As far as snowflakes go, I was able to put $658.01 into our snowflake account (of which $388 went towards my eye exam/glasses and another $200 was sent to a credit card). Dollar Round Up consisted of $31.67 of this! Not bad for simply rounding every transaction up to the nearest dollar, huh?

The Nitty Gritty

Now here’s the rough details and numbers that show how we fare. We were $44,584.52 in debt when I started this blog a month ago on July 1st. Let’s take a look at how things are going for us after our first month of trying to cut back.

  • Credit Cards came in at $23,373.93 on 7/1/08 and are now down to $23,004.36, which is a decrease of $369.57 or 2%. This would’ve been better except that I had to charge some eyecare costs. We accrued $261.22 in interest on all of our credit cards.
  • Our student loans started at $7,391.68 on 7/1/08 and are now up to $7,398.36 which is an increase of $6.68. Despite my $160 payment, there was an accrued interest that kicked in for, so it didn’t really help.
  • The car loan started at $13,818.91on 7/1/08 and is now down to $13,506.82, a decrease of $312.09 or 2%.
  • Our vacation savings fun was going really well until I had to withdraw a big chunk to pay back my eye care bill that I put on a credit card at the time because I didn’t think it was going to cost that much. So I pretty much drained it from $605 down to $200. And I’m using $200 to send to one of my credit cards (it’s all snowflaked money) on August 1st. So the current balance of of the vacation fund is $66.38, but it will be up past $700 by 9/6/08 before leaving on vacation. I’ve already got it all planned out.
  • Investment accounts went up (on a cash basis) from $9,335 to $9,385 (1% increase) due to a $50 contribution to my Sharebuilder’s Roth IRA through ING.
  • Overall assets went up by 7% since 7/1/08 (including our checking accounts, so this fluctuates as bills are paid and whatnot). Overall liabilities went down by 2% (from $44,584.52 to $43,909.54).
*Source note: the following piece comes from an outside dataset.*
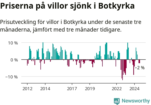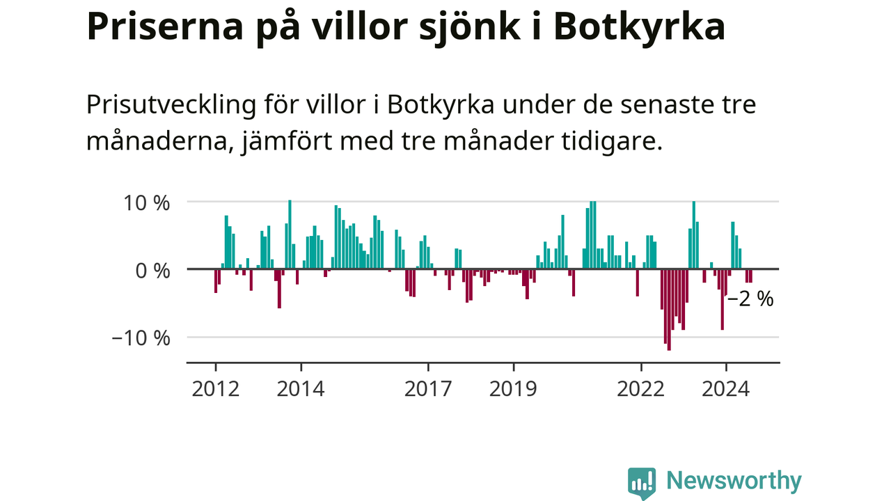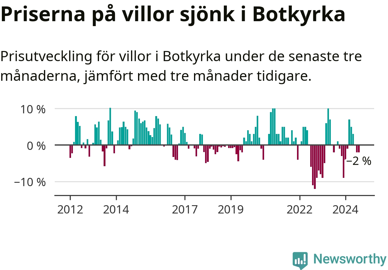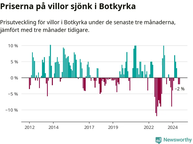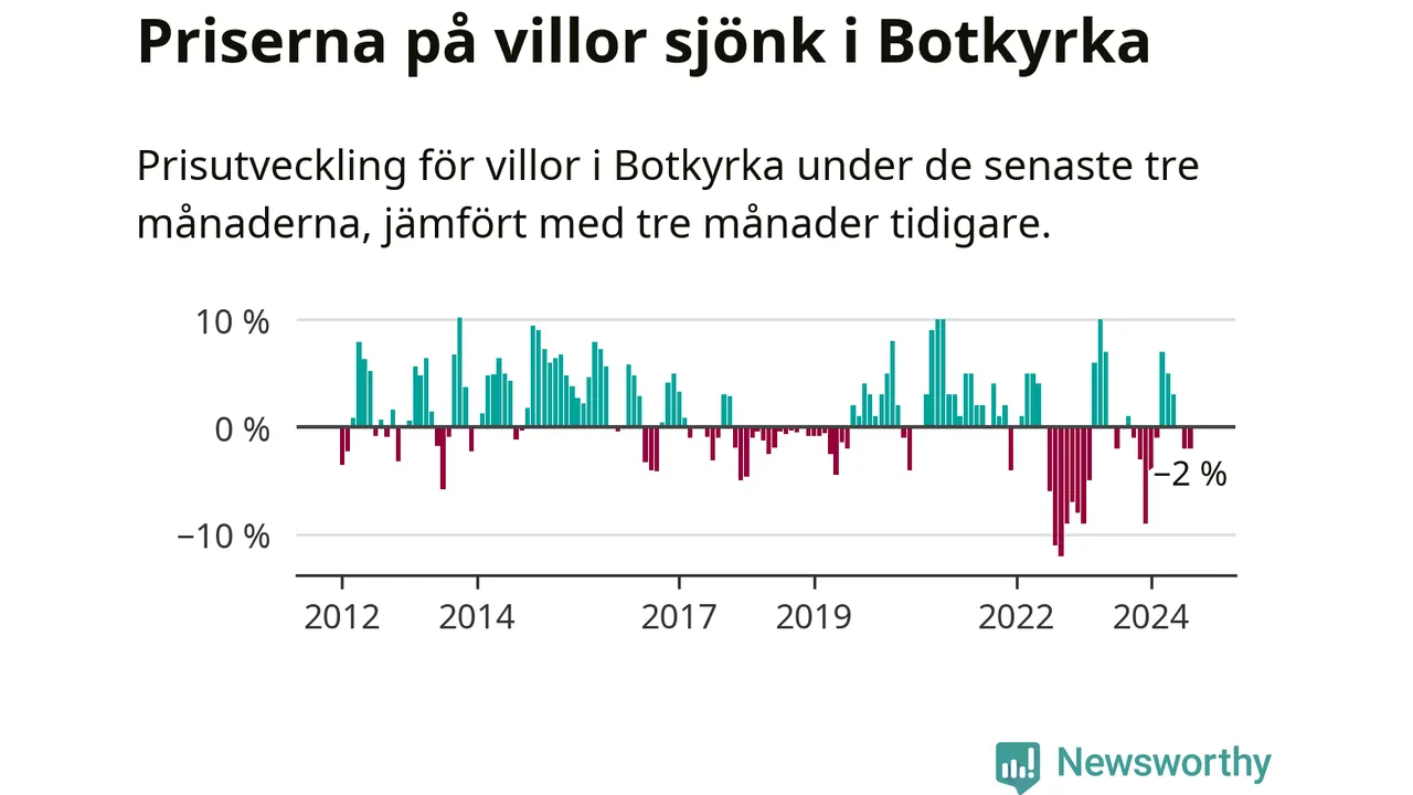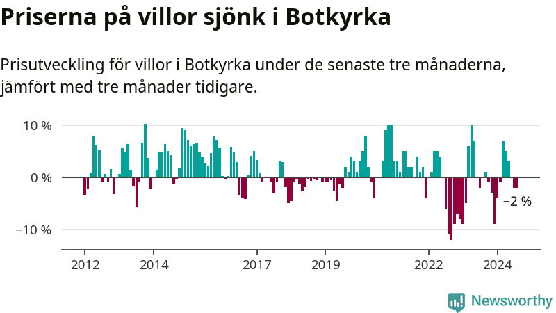 Statistiken visar även på en prisnedgång i Botkyrka kommun. Medelpriset på försäljningarna av villor i kommunen var 2 procent lägre än för tre månader sedan. I hela Stockholms län däremot ligger villapriserna stilla.

This makes our current net worth -$31,634.57.
  • Savings consist of Emergency Fund with $1,505.34 in HSBC and $25 in ING. Our Christmas Fund account has $40 in it. Miscellaneous Savings has $55 (this is for our annual renewal of Xbox Live and renewal on website domains/hosting paid annually). Auto Savings has $240 in it (although we need some work done soon - transmission service and fuel treatment service). The Car Insurance Savings has $560, which is over half of what we need by October to pay our 6 month premium.